Gorman did not shy away from hard issues during her talk. The effects of a government-instituted assimilation designed to erase an entire culture plays a heavy role in the code talker story. Carl himself was sent to one of the missionary boarding schools specifically paid for by the U.S. to indoctrinate the Native populations. 

In addition to government oppression, Gorman highlighted the racism, bigotry and apathy felt toward the First 29. A San Francisco newspaper published a condescending and insulting piece upon the code talkers’ arrival to boot camp. This piece included the horrible sentiment that the men were “magnificent specimens of original American manhood.” Gorman made sure not to dwell too much on the shameful responses of our country, but instead focused on the triumphs of the First 29. After seven weeks of boot camp, the First 29’s platoon graduated with “the highest score on the rifle range to date.” Gorman then showed us a much more respectful and honoring piece about their story published by a different newspaper. 

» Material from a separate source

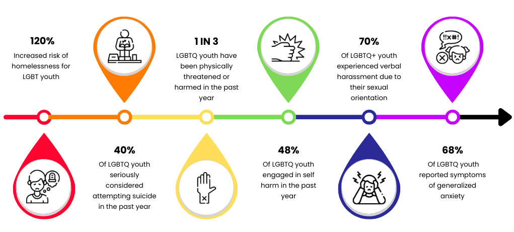 The above statistics* illustrate the heightened risks LGBTQIA+ youth experiencing adverse life events and symptoms of mental health conditions because of stigma and discrimination.5-7

The First 29 didn’t seem to care about the press. In fact, when the men were shown the original printed article years later by Zonnie Gorman herself, one of them joked, “We didn’t adapt well [to the military] because we’re Indian. We adapted well because we went to boarding school.” A story that drew a laugh and then an audible “Oh…” from the audience. Despite this, the First 29 felt they were fulfilling their responsibilities as Americans, feeling compelled to serve after the terrible tragedy at Pearl Harbor. They are men who should be honored and respected by any true patriot.

Gorman’s talk was fantastic and inspiring. The story of the First 29 is incredibly important, especially when told from the perspective of someone whose life is directly tied to it. Attendees came away from Gorman’s talk with a sense of honor and respect for the small group of Navajo men that used their native language, one that many in this country wanted to erase, to win a war.